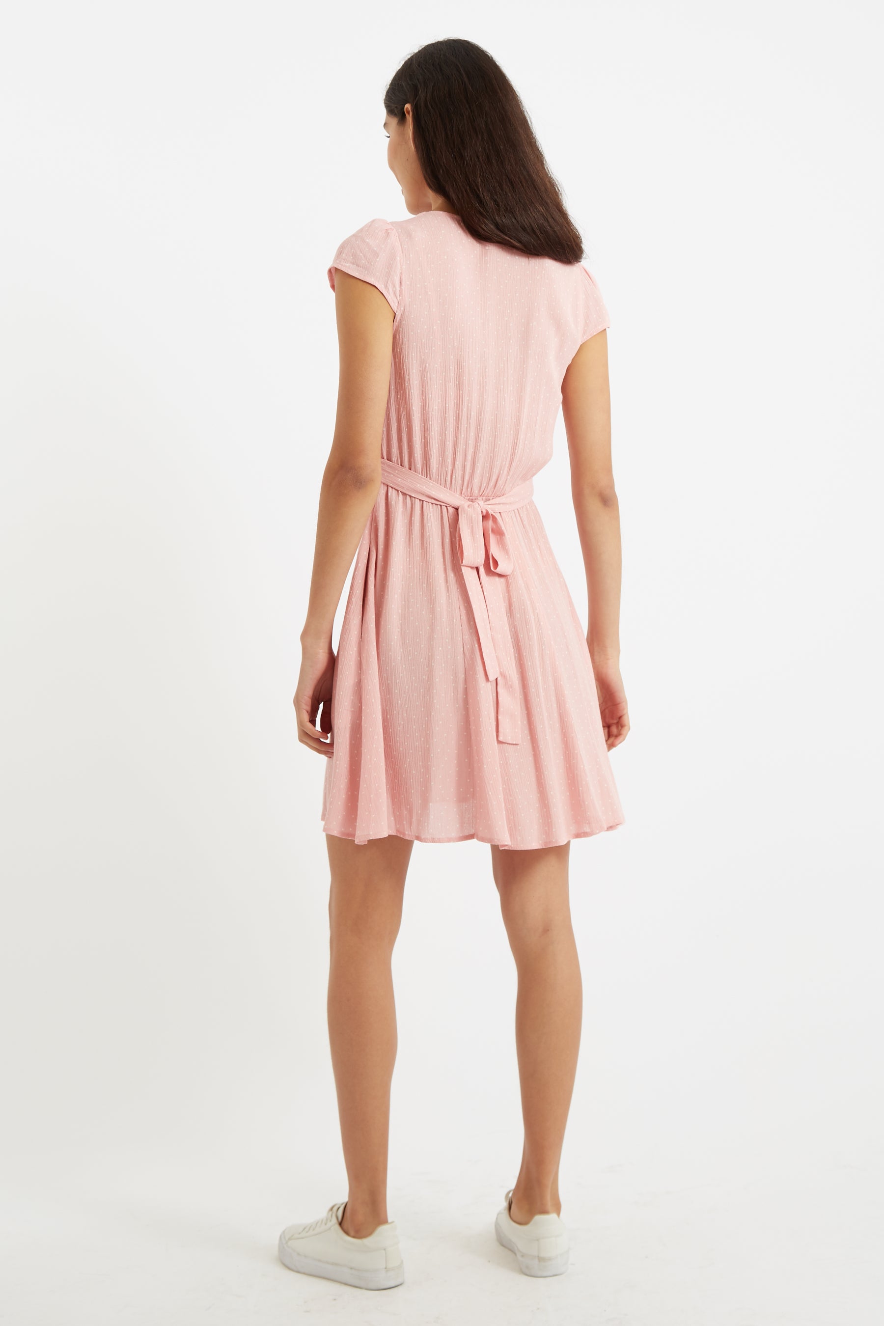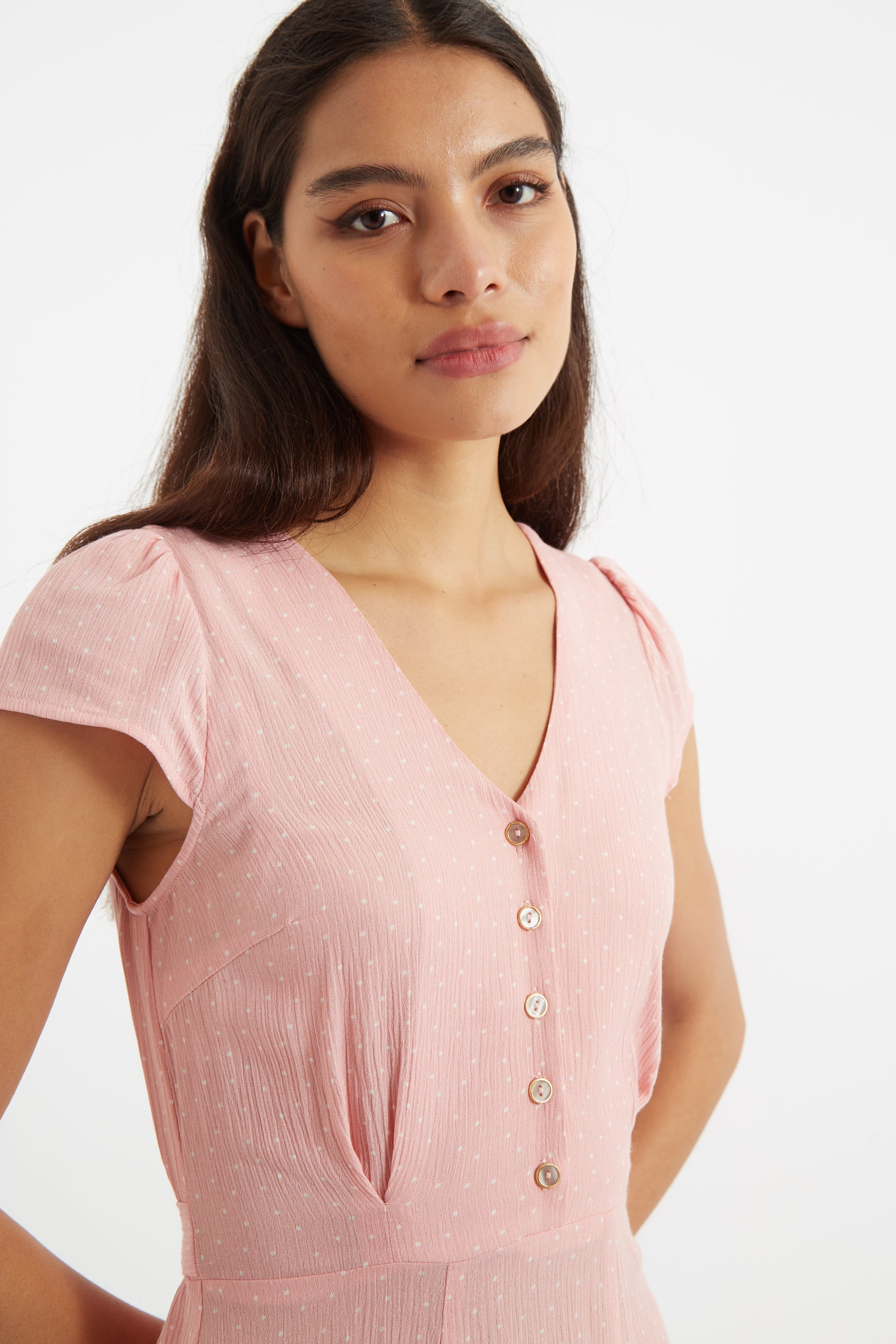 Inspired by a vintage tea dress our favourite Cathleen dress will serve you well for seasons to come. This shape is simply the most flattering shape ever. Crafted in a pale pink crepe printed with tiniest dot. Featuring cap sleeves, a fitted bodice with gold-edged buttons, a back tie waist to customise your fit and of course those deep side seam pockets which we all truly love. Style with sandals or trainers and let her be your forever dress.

_ _ _ _ _

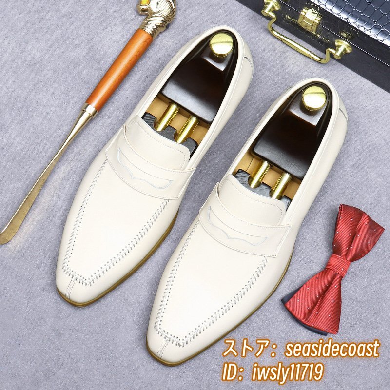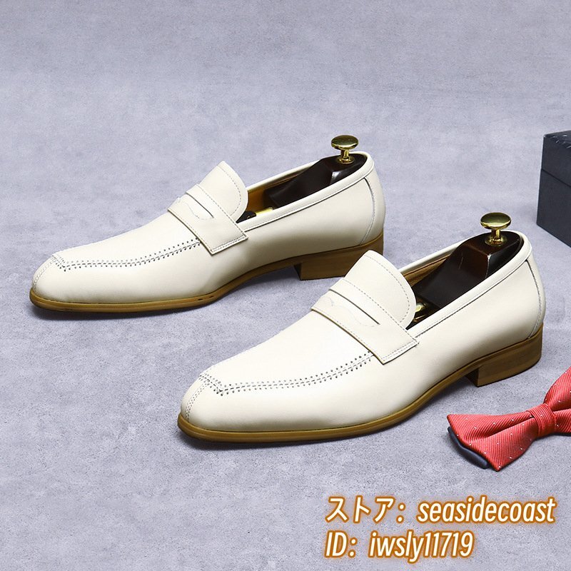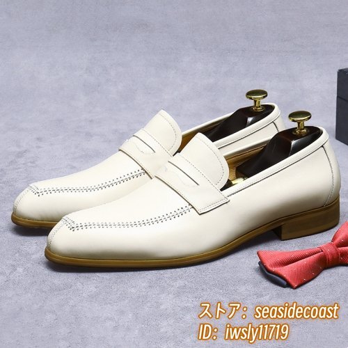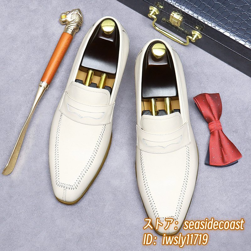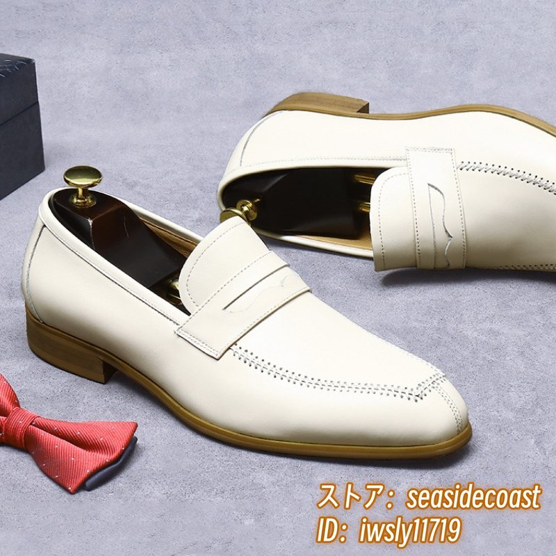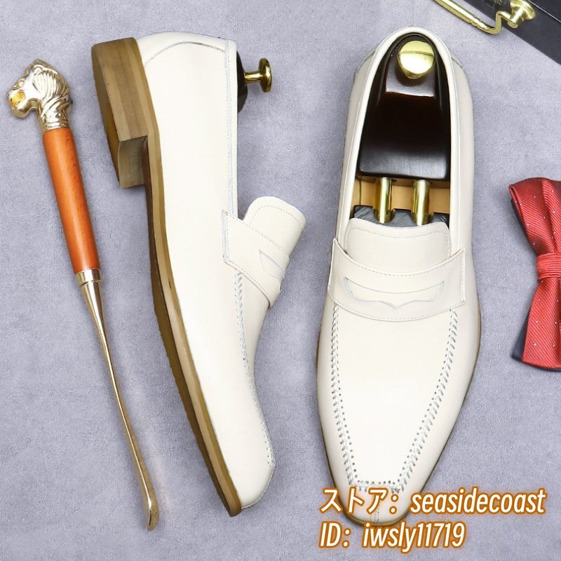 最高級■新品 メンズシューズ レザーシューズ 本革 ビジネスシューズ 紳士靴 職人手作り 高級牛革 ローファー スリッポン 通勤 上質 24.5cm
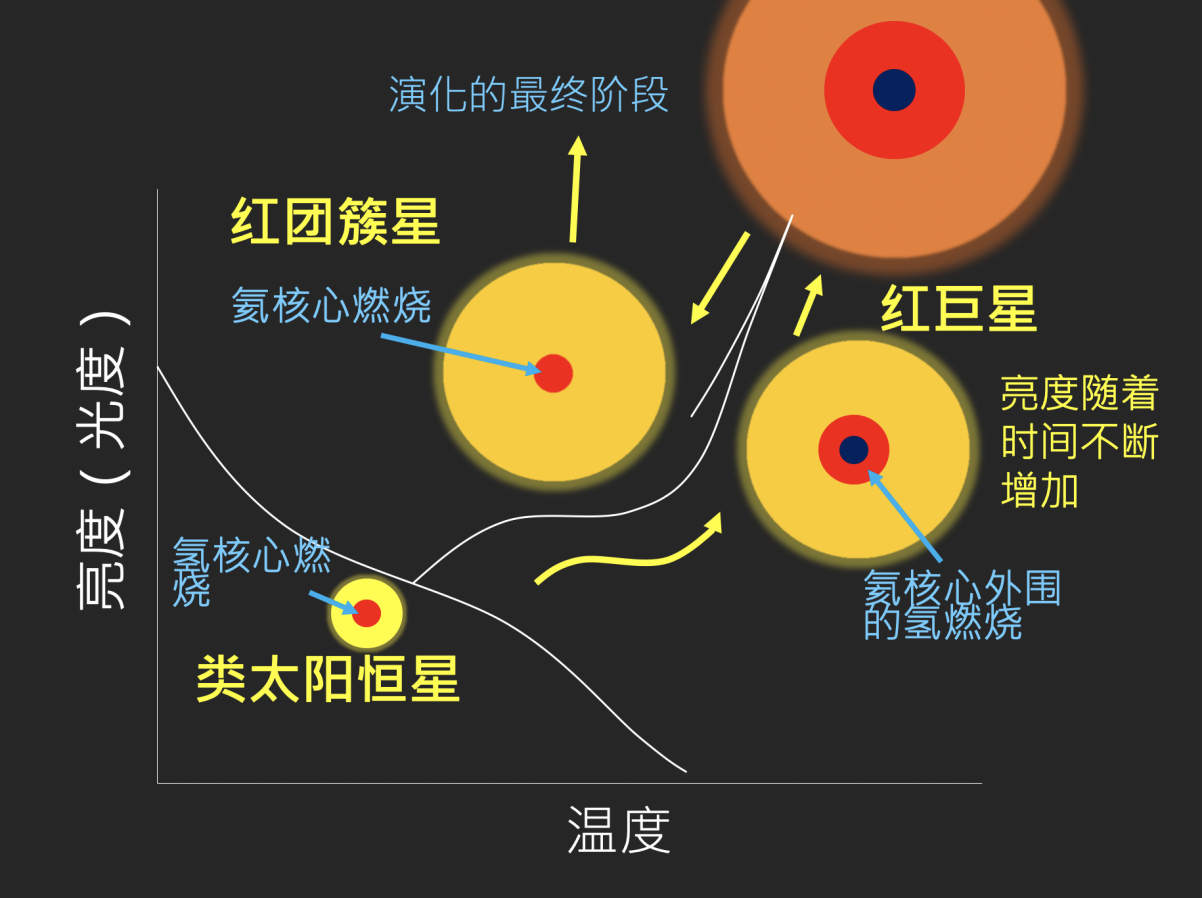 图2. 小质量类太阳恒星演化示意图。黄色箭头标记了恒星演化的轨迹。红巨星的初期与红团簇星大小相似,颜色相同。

_ _ _ _ _

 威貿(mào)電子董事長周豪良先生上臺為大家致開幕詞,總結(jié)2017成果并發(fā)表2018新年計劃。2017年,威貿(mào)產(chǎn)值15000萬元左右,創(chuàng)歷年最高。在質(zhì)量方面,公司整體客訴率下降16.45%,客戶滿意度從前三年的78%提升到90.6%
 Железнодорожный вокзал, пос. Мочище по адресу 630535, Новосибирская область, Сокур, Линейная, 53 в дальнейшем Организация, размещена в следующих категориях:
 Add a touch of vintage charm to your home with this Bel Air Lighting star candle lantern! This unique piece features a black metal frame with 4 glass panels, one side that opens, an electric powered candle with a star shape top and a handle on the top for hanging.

_ _ _ _ _

Assignment:
The reply should hold exactly the lines above, starting at the line with "最高級■新品 メンズシューズ レザーシューズ" and ending at the line with "图2. 小质量类太阳恒星演化", and no pictures.

Reply:
 最高級■新品 メンズシューズ レザーシューズ 本革 ビジネスシューズ 紳士靴 職人手作り 高級牛革 ローファー スリッポン 通勤 上質 24.5cm
 图2. 小质量类太阳恒星演化示意图。黄色箭头标记了恒星演化的轨迹。红巨星的初期与红团簇星大小相似,颜色相同。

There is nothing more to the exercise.